**AVAILABLE DATA**:
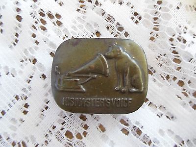 Title (ebay affiliate link): ANTIQUE VICTOR "IN HIS MASTER'S VOICE TIN, EMBOSSED, 1 1/2" X 1 1/4"
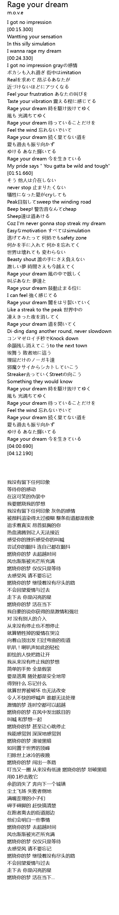 | [02:47.030] | Rage your dream gǔ dòng zhǐ wèi |
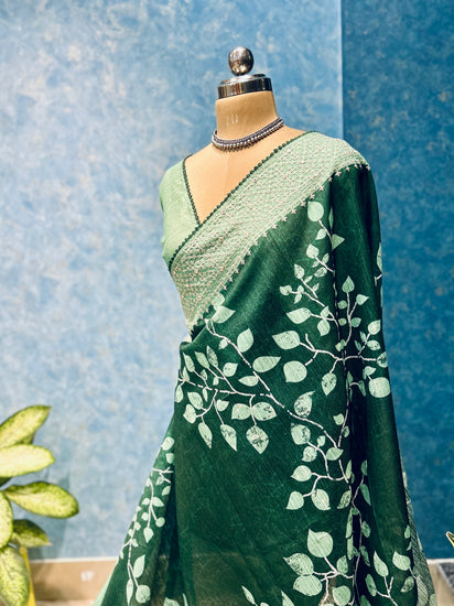Leaf Print on Pine Color Cotton Silk Saree with beautiful embroidered border

**BRIEF**:
Quote each line of the listing exactly, but leave the pictures out.

**PROBLEM SOLUTION**:
 Title (ebay affiliate link): ANTIQUE VICTOR "IN HIS MASTER'S VOICE TIN, EMBOSSED, 1 1/2" X 1 1/4"
 | [02:47.030] | Rage your dream gǔ dòng zhǐ wèi |
Leaf Print on Pine Color Cotton Silk Saree with beautiful embroidered border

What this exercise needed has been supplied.